Mushrooms hold potential for sustainable building materials

We slice them on pizza, toss them in salad and sauté them in stirfry. But have you ever thought about using mushrooms as furniture? According to the work of a team of researchers, the humble fungus is ready to leave the kitchen and take up a role as a building material.

In an innovative design project, six new stylish benches have been installed outside the UBC Bookstore. Assembled from light-coloured honeycomb-shaped bricks under a top of clear acrylic, the seats are more than an eye-catching spot where students can relax—they're also very much alive, grown from a blend of oyster mushroom spores and alder sawdust packed into moulds.

The roots of the project stretch back to 2014, when assistant professor at UBC School of Architecture and Landscape Architecture Joe Dahmen and his partner in work and life, Amber Frid-Jimenez, Canada Research Chair in Design and Technology at Emily Carr University of Art and Design, were expecting their second child. They had been working on an architectural installation fabricated of recycled polystyrene blocks—not exactly the most benign material —when they decided to explore more eco-friendly options.

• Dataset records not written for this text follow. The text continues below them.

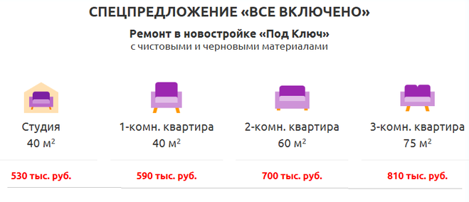 Предлагаю вам посмотреть скриншот с расценками, которые, как мы правильно понимаем, зависят от площади квартиры именно в новостройках: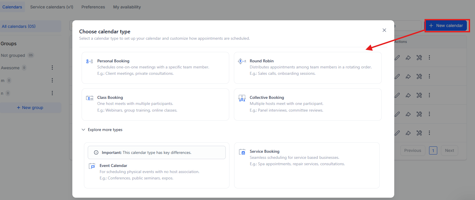 Section titled “Step 2: Choose the Calendar Type”- Select the Round Robin Booking option under calendar types.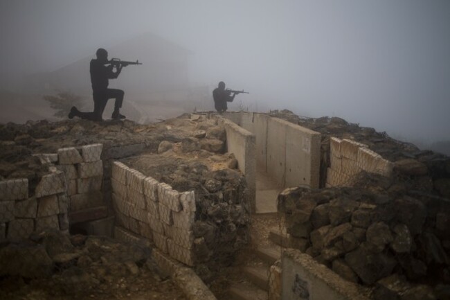 Metal boards in the shape of gunmen sit on an old bunker at an observation point on Mt. Bental in the Israeli controlled Golan Heights

"Amber couldn't get near the thing because it was so toxic," Dahmen recalled, touring the greenhouse where the benches were grown. "It got me thinking that there must be a more natural material that would still enable a similar range of expression."

In their search for an alternative, Dahmen and Frid-Jimenez discovered the world of mycelium biocomposites, an emerging field in which mushroom roots, or mycelium, grow in loose cellulosic material such as sawdust. The results are durable materials with attributes similar to that of polystyrene foams. Although a U.S. company recently signed a contract to provide Ikea with mycelium-based packaging, the method had yet to be done in Canada.

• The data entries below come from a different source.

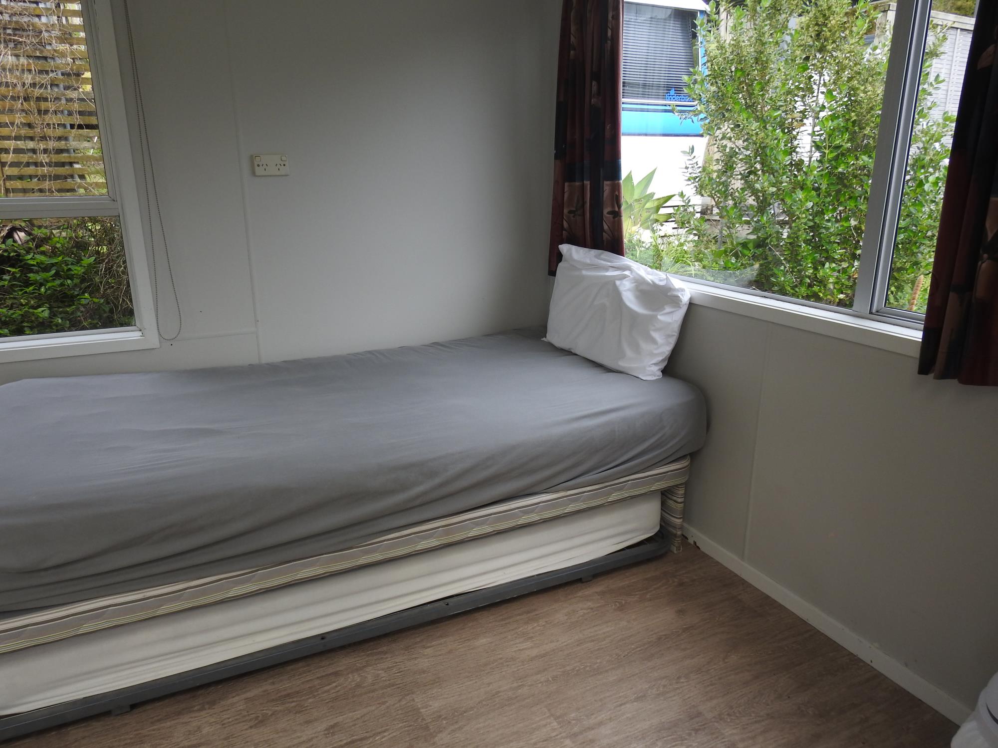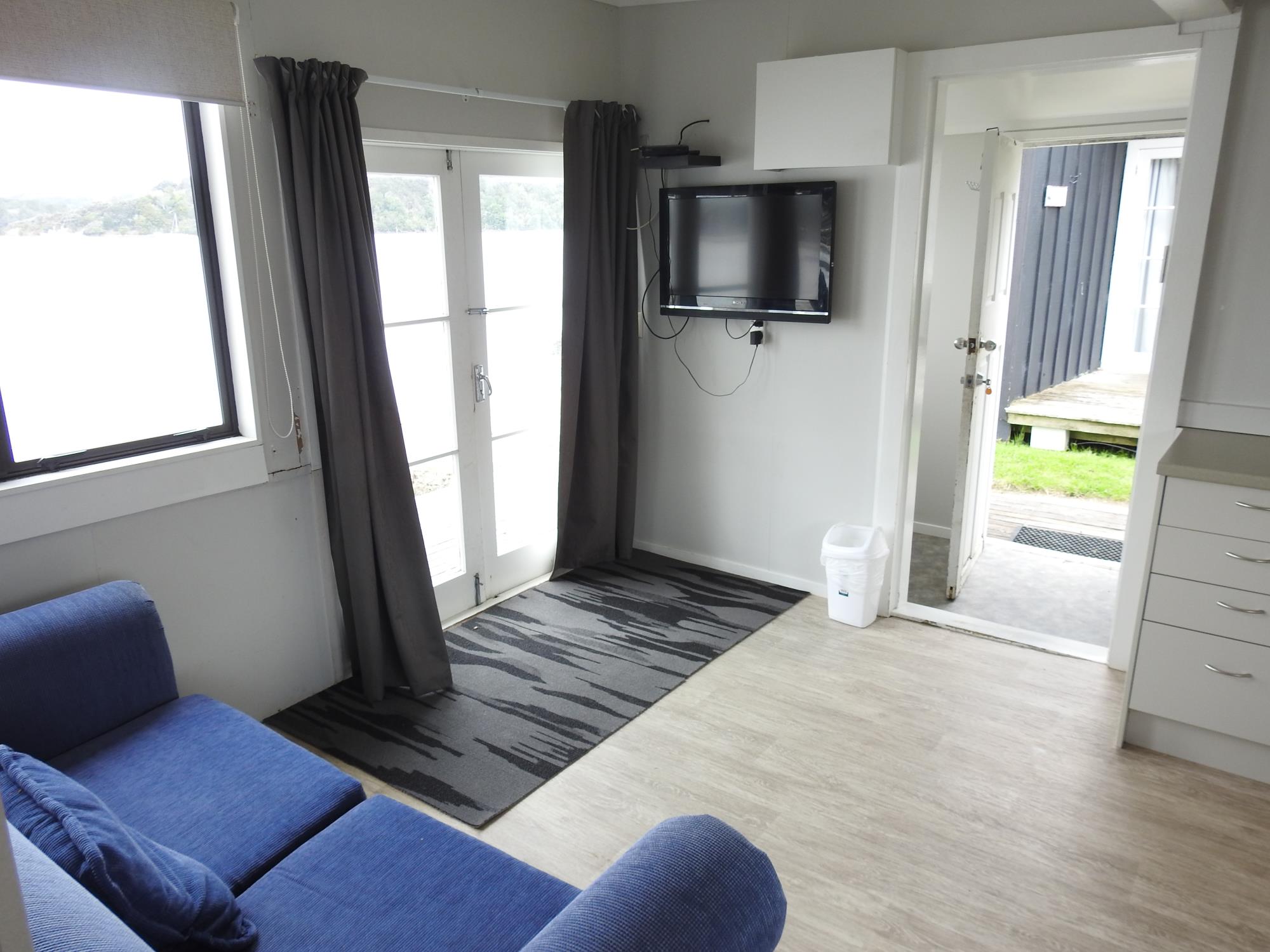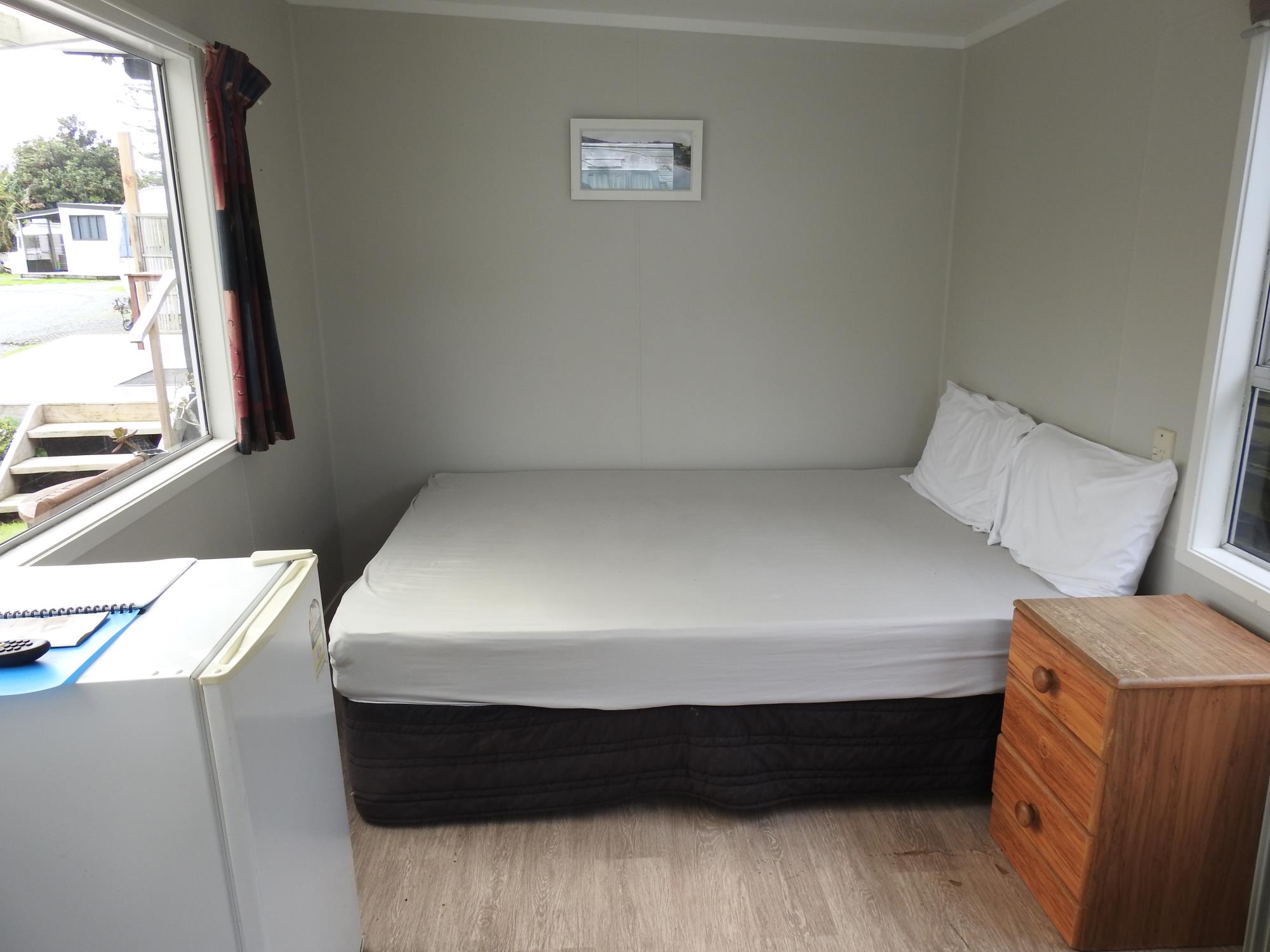 Totara - Non-Waterfront Standard Cabin has 1 x Queen bed and 1 x single with a trundler underneath. This cabin has a small fridge and a TV. All beds have a bottom sheet and pillows. You need to bring your own linen or hire linen for $10 per bed set.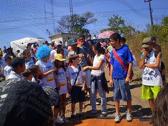 Caminhada Ecológica ao Pico do Ana Moura promovida pela Associação de Capoeira Lenço de Seda/CECAB, Todos ao Pico. Verdejando ao Ana Moura. Na foto Mestre Reginaldo –Véio conduzindo uma roda de Capoeira Angola no cume do pico.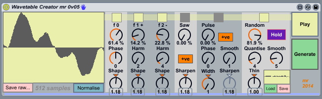 | Description: | Max uses 512 sample 'wavetables' in many of its examples for single cycle waveforms. Making them from scratch can be awkward and time consuming, so here's a utility that does just that. You select a sound source using the selection boxes at the top, click 'Generate' and listen to the result. If you like what you see/hear, then you can save the waveform as a cross-platform .WAV file. To aid in the production of multiple waveforms for use in wavetables, then the 'Random' source has a 'Hold' feature that allows you to capture (and save/load) the waveform from just that section and keep it constant whilst you change the other sources. It is possible to play the sounds using Live, but the playback is monophonic and has a fixed envelope. Maybe this is a prototype of the oscillator section for a forthcoming full synthesiser? |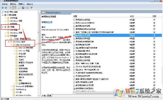 2、進(jìn)入組策略后如圖依次打開——用戶配置——管理模板——Windows 組件——Internet Explorer ,在右邊找到“禁用更改主頁設(shè)置”選項

Through UBC's social ecological economic development studies (SEEDS) sustainability program, Dahmen and Frid-Jimenez worked with university students and staff to develop a scalable method of producing mycelium biocomposites using two local materials: oyster mushroom spores and alder sawdust.

To address the size limitation of the material—mycelium biocomposites risk contamination by mould and bacteria if they exceed a half-metre in thickness—Dahmen developed a new process that drew inspiration from a wasps' nest discovered in the empty greenhouse that would house the project.

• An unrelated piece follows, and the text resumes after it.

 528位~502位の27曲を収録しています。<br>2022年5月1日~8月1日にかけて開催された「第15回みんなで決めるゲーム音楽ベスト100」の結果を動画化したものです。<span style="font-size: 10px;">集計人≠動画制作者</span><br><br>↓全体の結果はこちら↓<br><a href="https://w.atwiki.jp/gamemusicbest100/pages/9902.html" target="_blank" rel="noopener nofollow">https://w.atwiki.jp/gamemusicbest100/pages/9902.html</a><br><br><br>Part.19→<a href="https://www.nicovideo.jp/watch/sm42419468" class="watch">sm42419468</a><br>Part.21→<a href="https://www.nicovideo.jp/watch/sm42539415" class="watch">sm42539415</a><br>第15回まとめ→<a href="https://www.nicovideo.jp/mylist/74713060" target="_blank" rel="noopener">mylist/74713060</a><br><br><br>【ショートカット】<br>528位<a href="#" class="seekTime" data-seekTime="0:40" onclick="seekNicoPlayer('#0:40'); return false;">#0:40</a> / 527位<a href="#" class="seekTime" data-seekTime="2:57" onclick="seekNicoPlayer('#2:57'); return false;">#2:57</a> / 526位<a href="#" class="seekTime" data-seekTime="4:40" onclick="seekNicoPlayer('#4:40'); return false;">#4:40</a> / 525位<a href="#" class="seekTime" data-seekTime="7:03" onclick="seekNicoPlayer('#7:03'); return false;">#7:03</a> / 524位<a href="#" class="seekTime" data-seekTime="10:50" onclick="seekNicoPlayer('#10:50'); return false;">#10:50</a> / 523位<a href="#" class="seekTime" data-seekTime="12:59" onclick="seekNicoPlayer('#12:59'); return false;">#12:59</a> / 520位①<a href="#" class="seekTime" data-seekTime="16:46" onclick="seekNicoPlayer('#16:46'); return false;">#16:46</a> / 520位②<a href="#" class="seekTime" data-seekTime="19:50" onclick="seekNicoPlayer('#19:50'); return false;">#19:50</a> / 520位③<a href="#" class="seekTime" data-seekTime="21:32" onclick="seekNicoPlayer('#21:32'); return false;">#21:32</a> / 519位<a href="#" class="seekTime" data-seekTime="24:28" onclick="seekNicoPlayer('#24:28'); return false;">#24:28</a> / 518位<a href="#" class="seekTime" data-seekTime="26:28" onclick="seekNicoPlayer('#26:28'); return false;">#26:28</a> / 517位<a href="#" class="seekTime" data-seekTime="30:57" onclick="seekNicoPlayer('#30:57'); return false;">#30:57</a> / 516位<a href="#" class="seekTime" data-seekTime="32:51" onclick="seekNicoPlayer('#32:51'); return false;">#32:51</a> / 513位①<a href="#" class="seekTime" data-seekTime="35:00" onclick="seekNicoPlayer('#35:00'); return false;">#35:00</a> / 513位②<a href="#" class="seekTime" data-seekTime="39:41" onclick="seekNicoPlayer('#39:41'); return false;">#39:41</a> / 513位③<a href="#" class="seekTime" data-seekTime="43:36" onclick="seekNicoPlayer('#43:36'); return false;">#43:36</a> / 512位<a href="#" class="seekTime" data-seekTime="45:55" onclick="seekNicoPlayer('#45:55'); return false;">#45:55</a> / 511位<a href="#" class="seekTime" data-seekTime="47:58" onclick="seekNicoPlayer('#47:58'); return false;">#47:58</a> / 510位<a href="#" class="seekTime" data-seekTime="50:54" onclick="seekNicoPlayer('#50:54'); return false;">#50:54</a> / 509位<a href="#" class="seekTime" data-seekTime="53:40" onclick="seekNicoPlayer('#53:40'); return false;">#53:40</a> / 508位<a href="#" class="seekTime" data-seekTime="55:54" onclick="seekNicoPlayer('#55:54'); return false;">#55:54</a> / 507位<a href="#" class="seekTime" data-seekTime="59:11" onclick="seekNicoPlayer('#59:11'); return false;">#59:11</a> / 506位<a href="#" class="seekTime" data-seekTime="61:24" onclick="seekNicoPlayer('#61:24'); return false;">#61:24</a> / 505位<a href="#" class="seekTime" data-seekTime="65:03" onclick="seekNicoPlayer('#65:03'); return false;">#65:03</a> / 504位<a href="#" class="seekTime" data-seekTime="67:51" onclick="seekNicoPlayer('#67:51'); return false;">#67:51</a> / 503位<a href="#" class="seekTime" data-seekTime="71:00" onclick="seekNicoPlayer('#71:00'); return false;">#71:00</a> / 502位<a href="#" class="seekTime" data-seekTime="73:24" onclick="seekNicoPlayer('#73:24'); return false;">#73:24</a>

"I was really amazed at the honeycomb structure, because it's a highly efficient way of occupying space," he said, holding a piece of wasps' nest to display its dense grid of hexagonal chambers. "It's scalable, it can go in any direction, and it's extremely spatially efficient."

Putting a hole in the centre of each block of mycelium biocomposite not only allowed Dahmen to grow larger objects, it also provides a place in the benches for the mushroom to fruit. "That way, it's contained, so people can see it but they won't worry about getting it on their clothes when they sit down," he notes. The fact that oyster mushroom fruit are "delicious", said Dahmen, was a consolation whenever the growing process went awry.

Perhaps the greatest potential of mycelium biocomposites is as an alternative insulation material for buildings. "Their biggest application in the long run is in architecture and construction," said Dahmen. "The average age of commercial buildings in North America is under 40 years. If we could imagine construction materials that add positive value to ecosystems as they break down, we have a whole new paradigm for the way we approach buildings, at a time when we're demolishing most buildings long before they wear out."

Dahmen also foresees mycelium biocomposites as a replacement for many other roles played by polystyrene, from packaging to building insulation. "Styrofoam is a material that functions for a short amount of time as packaging, and then spends hundreds, if not thousands, of years in a landfill," he observed. Not only does mycelium biocomposite require much less energy to create, it also completely decomposes when composted, and helps break down other materials in the waste stream, making them available to other organisms.

The five-step bench creation process

1. Alder sawdust was sterilized, blended with nutrients, and inoculated with the spores of Pleurotus ostreatus (oyster mushroom) at a local mushroom farm.
2. The mycelium (mushroom roots) were left to grow in the sawdust for two weeks and then transferred to a greenhouse at UBC
3. The sawdust and mycelium mix was shredded in a wood chipper, and then packed into moulds.
4. After five days, the moulds were removed and the blocks of mycelium biocomposite were wrapped in Saran wrap to encourage the growth of chitin (a strong polysaccharide similar to lobster shells) on their exterior.
5. After drying, the blocks were ready to be assembled into benches, and covered with clear acrylic.